Molinier … le nom évoque un parfum capiteux et glamour, une maison de haute couture, l’élégance surannée d’un sofa … et ce n’est pas totalement faux : du haut de ses talons aiguille, corseté comme une catin, le derrière tendu dans l’attente du fouet ou du dard, Pierre Molinier demeure d’une classe absolue, sourire aux lèvres et visage impassible. Peut-être parce qu’il est simplement heureux, épanoui dans cet auto érotisme qui nourrira son œuvre picturale.
Naturel et décomplexé, visionnaire et sans entrave hormis celles qu’il se passe volontairement aux membres avant de laisser l’objectif faire son oeuvre de mémoire. Coquin ? Porno ? Provocateur ? Ou purement artiste, qui ne souffre aucune limite, aucune convention ? Déjà très prisé des collectionneurs, Molinier défraie de nouveau la chronique au travers d’une vente aux enchères que lui consacre Drouot, précédée d’une exposition éclair au coeur de la Maison Européenne de la Photographie, qui accueille les pièces à négocier.
Des pièces inédites et c’est ce qui fait tout le prix de l’évènement : une trentaine de collages inconnus du public, des photomontages qui approfondissent notre connaissance des techniques appliquées par l’artiste, des découpages parfois soulignés de fusain, des peintures et des dessins préparatoires, … ainsi que des objets, les accessoires dont se servait Molinier pour scénariser ses fantasmes : lingerie, chaussures, tabouret, psyché, fouets, masques, pistolets… cette magnifique jambe bouquet, un haut de forme … ou quand Mandrake le magicien se métamorphose en divine putain androgyne, transgenre cosmique qui réinvente les codes d’Eros et de Thanatos du fin fond de son atelier anonyme …
Comment faire le lien entre le portrait de ce vieux monsieur insignifiant qu’on voit marcher dans la rue un cabas à la main, et ce prêtre de Vénus, échappé d’un roman de Sacher-Masoch pour offrir ses intimités fièrement impudiques à la caméra ? C’est justement là le magique, Molinier aux multiples visages rappelle que c’est lui qui enchante ces objets du commun pour les charger de puissance érotique et mortifère, lui qui orchestre ses suicides photographiques avant de s’ôter définitivement la vie quand il apprend qu’un cancer lui ronge la prostate et la sexualité.
Chaman interlope et menaçant, « maître du vertige » selon les termes d’André Breton qui prendra le large quand Molinier dépassera les bornes sexuelles, en cela plus surréaliste que le pape du mouvement lui-même, les clichés et les objets présentés à la MEP portent en eux une atmosphère sublime qui trace un lien direct avec un Clovis Trouille, un Joel-Peter Witkin, un Jean-Luc Verna. Terriblement attractif, Molinier laisse un héritage que certains revendiquent avec autant de courage et de volonté. Il n’en demeure pas moins unique et seul, sans jamais apporter de réponses aux questions qu’il suscite, c’est sa force ultime.

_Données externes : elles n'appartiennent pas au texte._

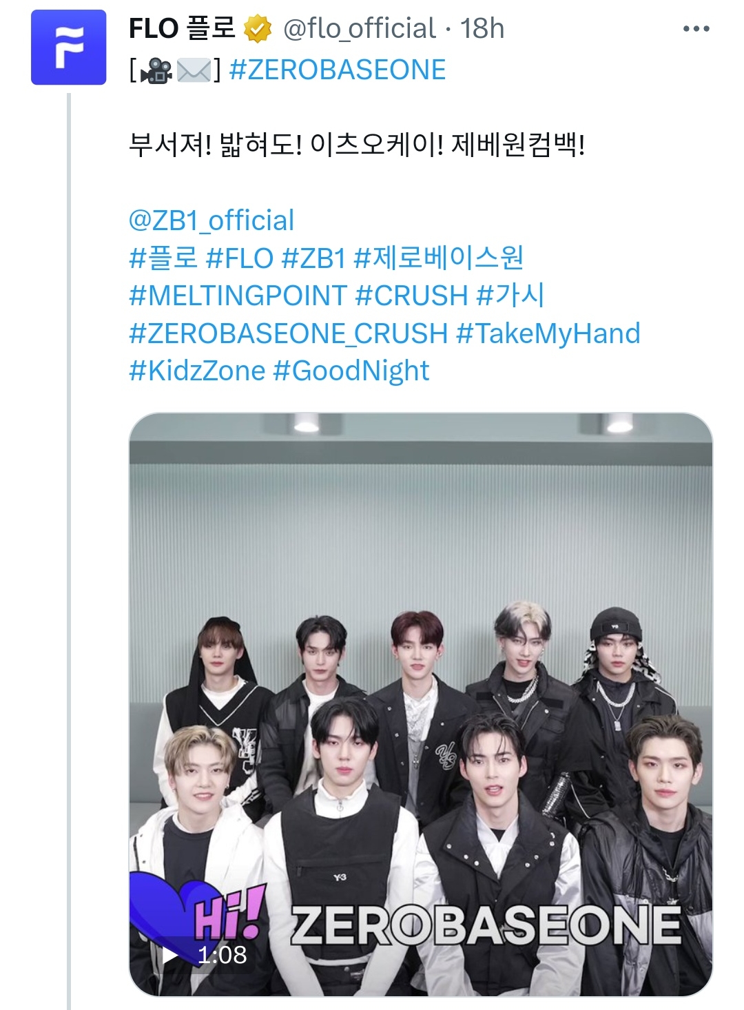#플로 #FLO #ZB1 #제로베이스원 #MELTINGPOINT #CRUSH #가시 #ZEROBASEONE_CRUSH #TakeMyHand #KidzZone #GoodNight

Malaise, fascination, interrogation, aujourd’hui encore l’artiste demeure en avance sur ce futur qu’il a dépassé de prime abord. C’est la marque des Pythies créatives qui par leurs excès prophétiques éclatent la dimension temporelle et se connectent avec l’universel, l’infini. Cela mériterait une collection officielle, en lieu d’une dilapidation dans des fonds privées … mais jamais Molinier, préférant l’isolement mystique de l’ermite, le retrait de la courtisane au fond de son alcôve, le repos du défunt décomposé dans la froideur du cercueil, n’aurait toléré l’officiel : cela annihile pour jamais la naissance de la légende, l’émergence des mythes. Mieux vaut la marge.